◆ **Work item**: In the entries below, find the line containing "Роза – 1 шт.Лизиантус" and the line containing "オンネトーの散策路で自然に親". Copy those two lines and everything between them exactly, without the pictures.

◆ **Data provided**:
★ ★ ★

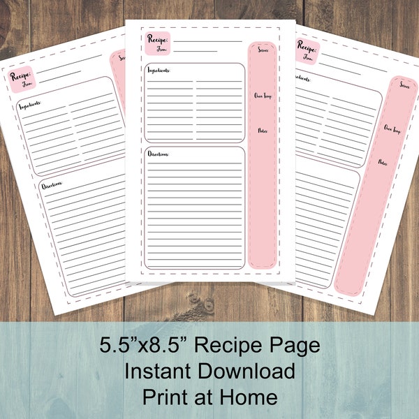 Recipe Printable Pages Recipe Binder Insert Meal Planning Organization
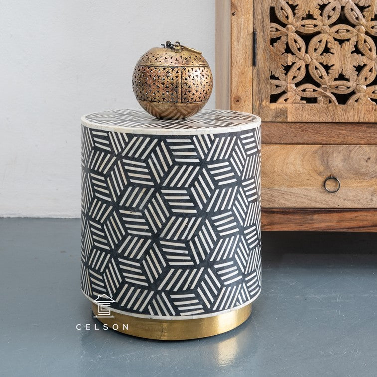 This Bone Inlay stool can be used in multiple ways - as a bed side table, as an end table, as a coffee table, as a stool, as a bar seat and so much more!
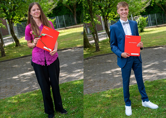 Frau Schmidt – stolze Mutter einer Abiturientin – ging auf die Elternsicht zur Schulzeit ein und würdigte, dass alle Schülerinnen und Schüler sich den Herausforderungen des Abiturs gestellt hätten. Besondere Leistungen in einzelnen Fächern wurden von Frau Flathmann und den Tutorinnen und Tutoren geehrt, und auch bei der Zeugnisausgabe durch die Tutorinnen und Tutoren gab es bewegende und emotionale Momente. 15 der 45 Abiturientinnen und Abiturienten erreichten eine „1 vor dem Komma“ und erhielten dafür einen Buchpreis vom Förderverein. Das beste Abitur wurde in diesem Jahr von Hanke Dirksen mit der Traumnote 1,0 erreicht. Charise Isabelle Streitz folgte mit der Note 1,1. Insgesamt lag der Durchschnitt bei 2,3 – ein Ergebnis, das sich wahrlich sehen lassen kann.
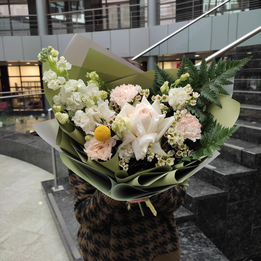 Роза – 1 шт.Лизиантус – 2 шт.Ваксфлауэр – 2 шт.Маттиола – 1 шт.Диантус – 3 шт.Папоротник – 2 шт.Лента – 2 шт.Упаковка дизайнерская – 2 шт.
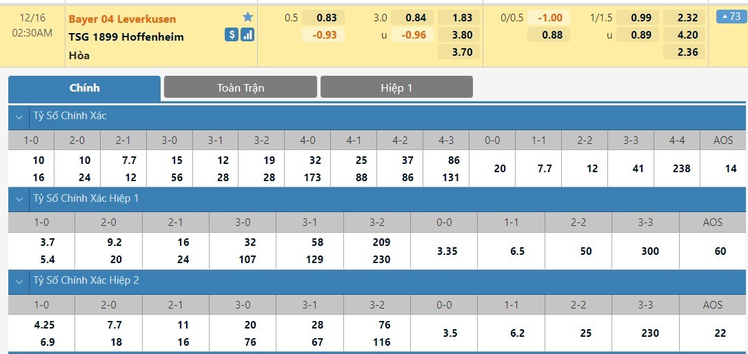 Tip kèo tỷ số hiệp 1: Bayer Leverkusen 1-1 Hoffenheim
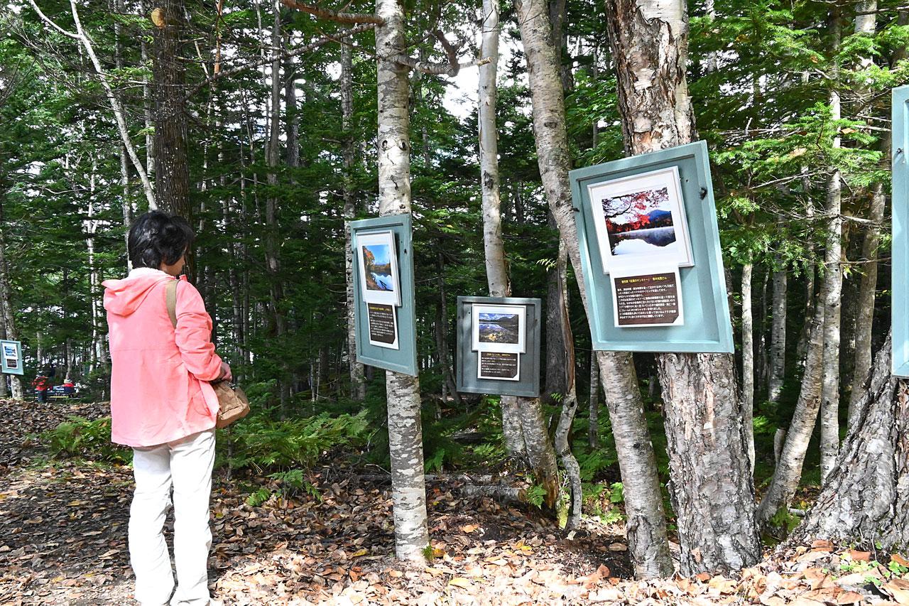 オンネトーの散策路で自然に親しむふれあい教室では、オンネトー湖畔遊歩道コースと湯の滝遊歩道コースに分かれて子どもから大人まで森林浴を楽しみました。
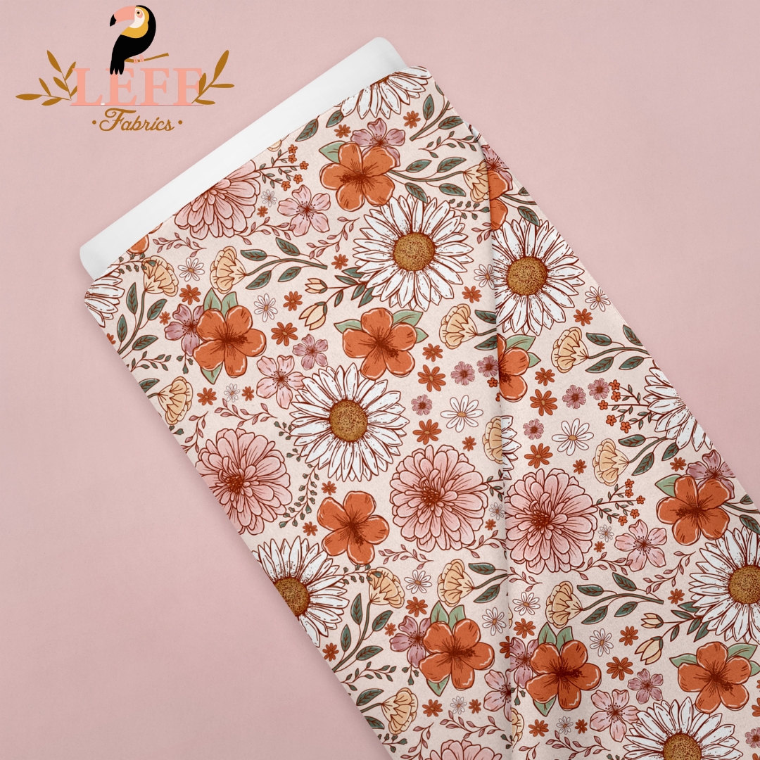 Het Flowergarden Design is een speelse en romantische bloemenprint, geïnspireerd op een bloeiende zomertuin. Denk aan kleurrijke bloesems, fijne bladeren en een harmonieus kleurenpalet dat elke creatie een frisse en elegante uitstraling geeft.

★ ★ ★

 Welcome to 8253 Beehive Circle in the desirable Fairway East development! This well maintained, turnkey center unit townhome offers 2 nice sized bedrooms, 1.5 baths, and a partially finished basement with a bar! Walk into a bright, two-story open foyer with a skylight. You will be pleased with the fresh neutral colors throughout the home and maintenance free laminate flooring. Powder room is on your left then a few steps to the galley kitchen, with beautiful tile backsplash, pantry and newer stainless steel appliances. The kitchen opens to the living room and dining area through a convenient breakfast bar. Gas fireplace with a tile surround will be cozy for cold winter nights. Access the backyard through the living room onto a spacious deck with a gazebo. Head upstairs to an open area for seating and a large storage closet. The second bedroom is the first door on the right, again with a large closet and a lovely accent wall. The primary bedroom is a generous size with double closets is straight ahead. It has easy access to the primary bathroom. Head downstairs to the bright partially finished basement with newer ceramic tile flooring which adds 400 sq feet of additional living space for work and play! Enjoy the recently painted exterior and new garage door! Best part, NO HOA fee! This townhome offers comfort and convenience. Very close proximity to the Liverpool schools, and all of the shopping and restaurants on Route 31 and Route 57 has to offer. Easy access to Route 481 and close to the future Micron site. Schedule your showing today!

★ ★ ★

◆ **Output of the exercise**:
 Роза – 1 шт.Лизиантус – 2 шт.Ваксфлауэр – 2 шт.Маттиола – 1 шт.Диантус – 3 шт.Папоротник – 2 шт.Лента – 2 шт.Упаковка дизайнерская – 2 шт.
 Tip kèo tỷ số hiệp 1: Bayer Leverkusen 1-1 Hoffenheim
 オンネトーの散策路で自然に親しむふれあい教室では、オンネトー湖畔遊歩道コースと湯の滝遊歩道コースに分かれて子どもから大人まで森林浴を楽しみました。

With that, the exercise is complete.